● Assignment: From first line to last, copy the listing exactly and omit its pictures.

● Data section:

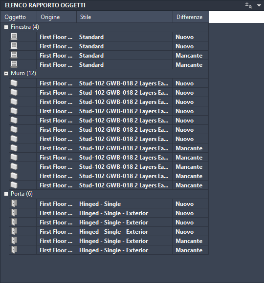 Confronto di disegni è in grado di identificare gli oggetti modificati, aggiunti o rimossi nei disegni di revisione. Agli oggetti vengono assegnati colori diversi in base al relativo stato (modificato, nuovo o mancante) e viene generato un elenco delle modifiche rilevate.
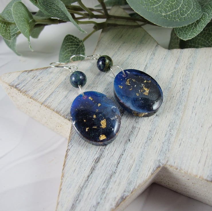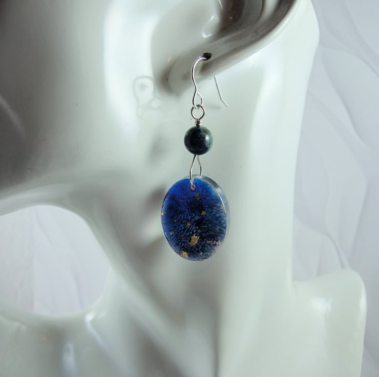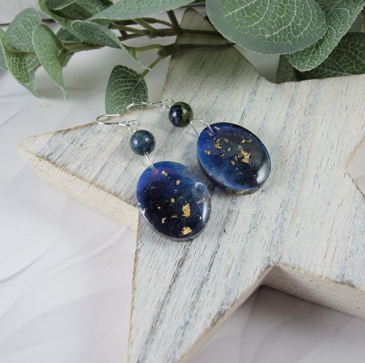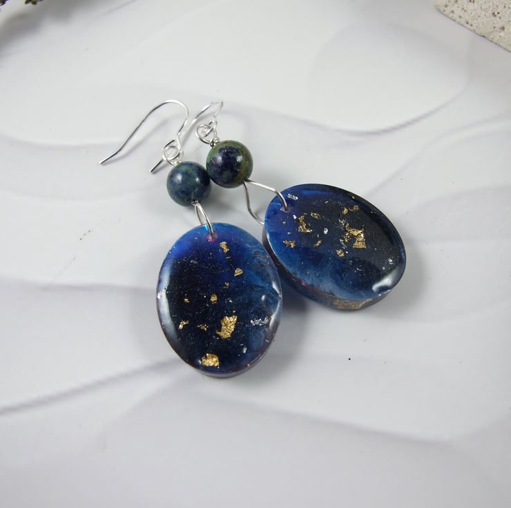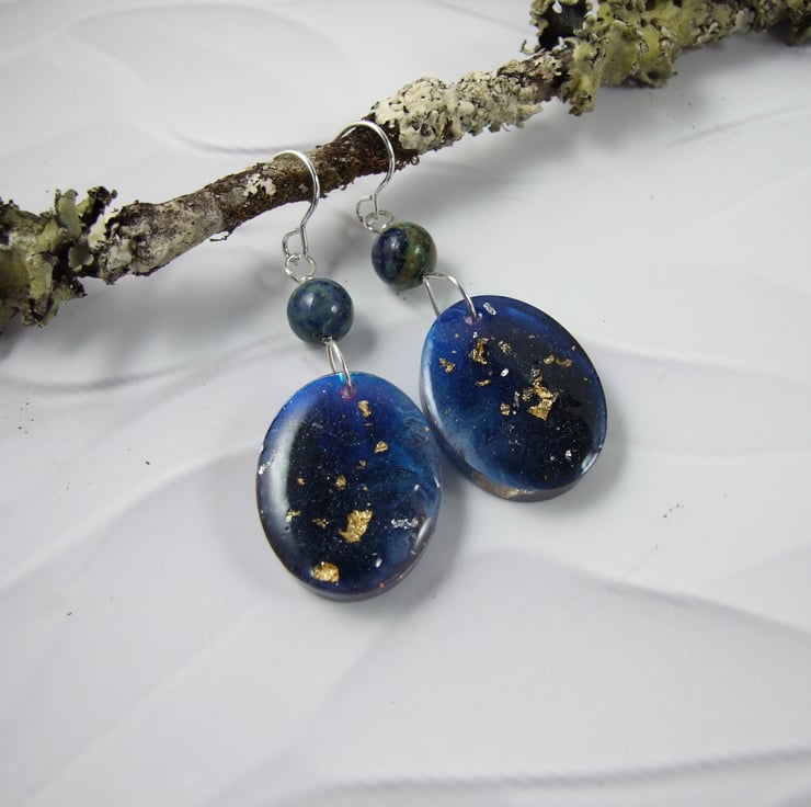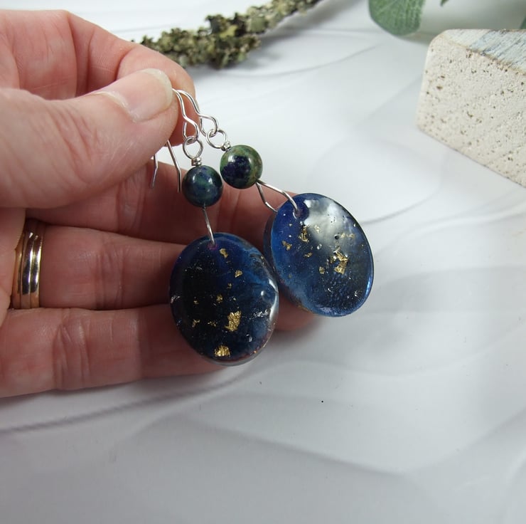 Earrings, Sterling Silver and Navy Blue Resin Art Droppers. One of a kind bio resin art dropper earrings in shades of dark blue with metal leaf. Paired with chrysocholla gemstone beads and sterling silver fittings and ear wire.
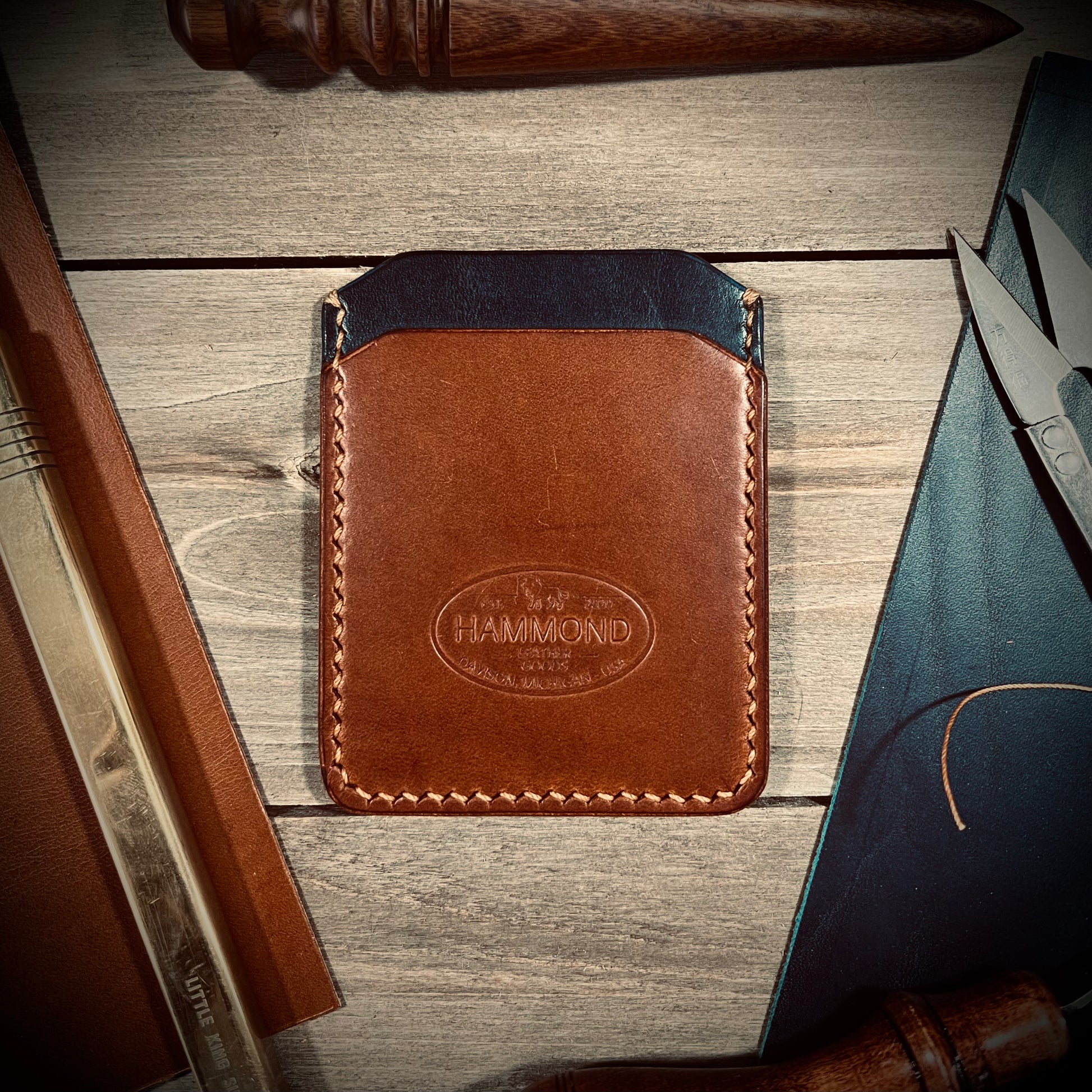 - Navy and Chestnut brown Buttero Italian Leather, paid with Cognac thread.
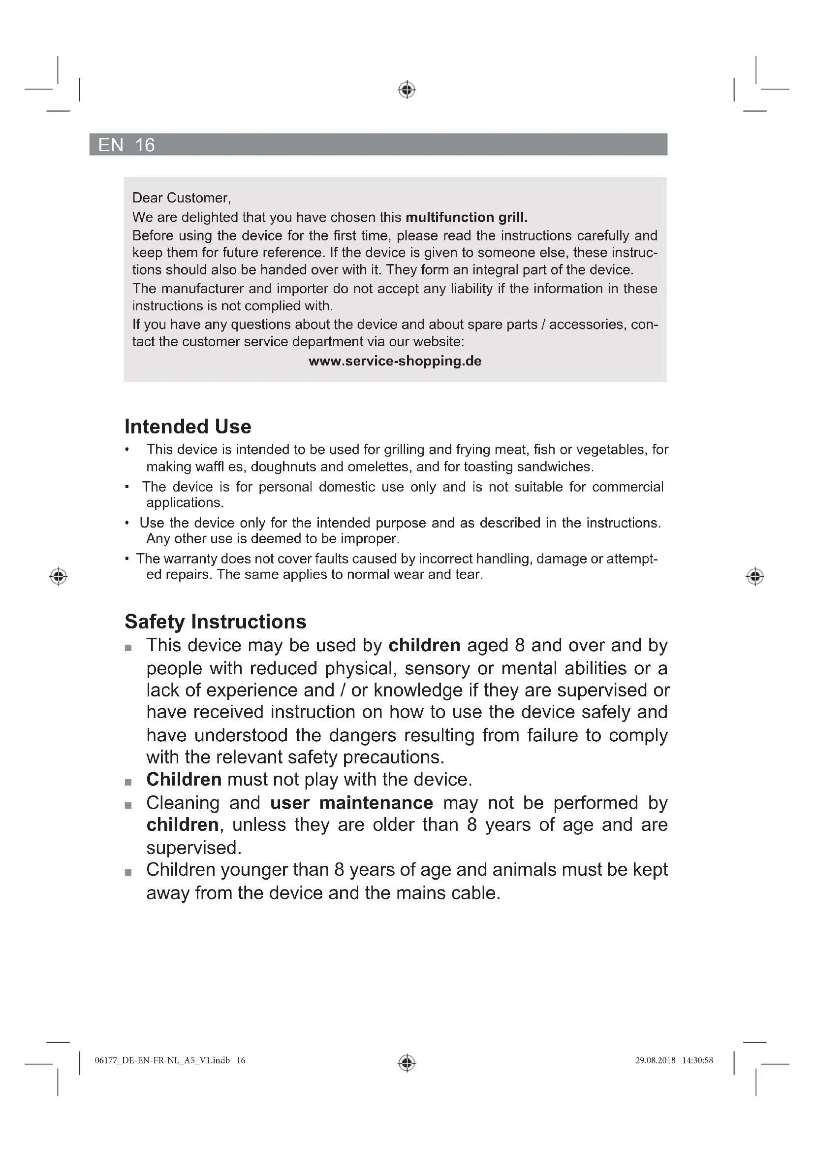- This device is intended to be used for grilling and frying meat, fish or vegetables, for making waffl es, doughnuts and omelettes, and for toasting sandwiches.

● Written answer:
 Confronto di disegni è in grado di identificare gli oggetti modificati, aggiunti o rimossi nei disegni di revisione. Agli oggetti vengono assegnati colori diversi in base al relativo stato (modificato, nuovo o mancante) e viene generato un elenco delle modifiche rilevate.
 Earrings, Sterling Silver and Navy Blue Resin Art Droppers. One of a kind bio resin art dropper earrings in shades of dark blue with metal leaf. Paired with chrysocholla gemstone beads and sterling silver fittings and ear wire.
 - Navy and Chestnut brown Buttero Italian Leather, paid with Cognac thread.
- This device is intended to be used for grilling and frying meat, fish or vegetables, for making waffl es, doughnuts and omelettes, and for toasting sandwiches.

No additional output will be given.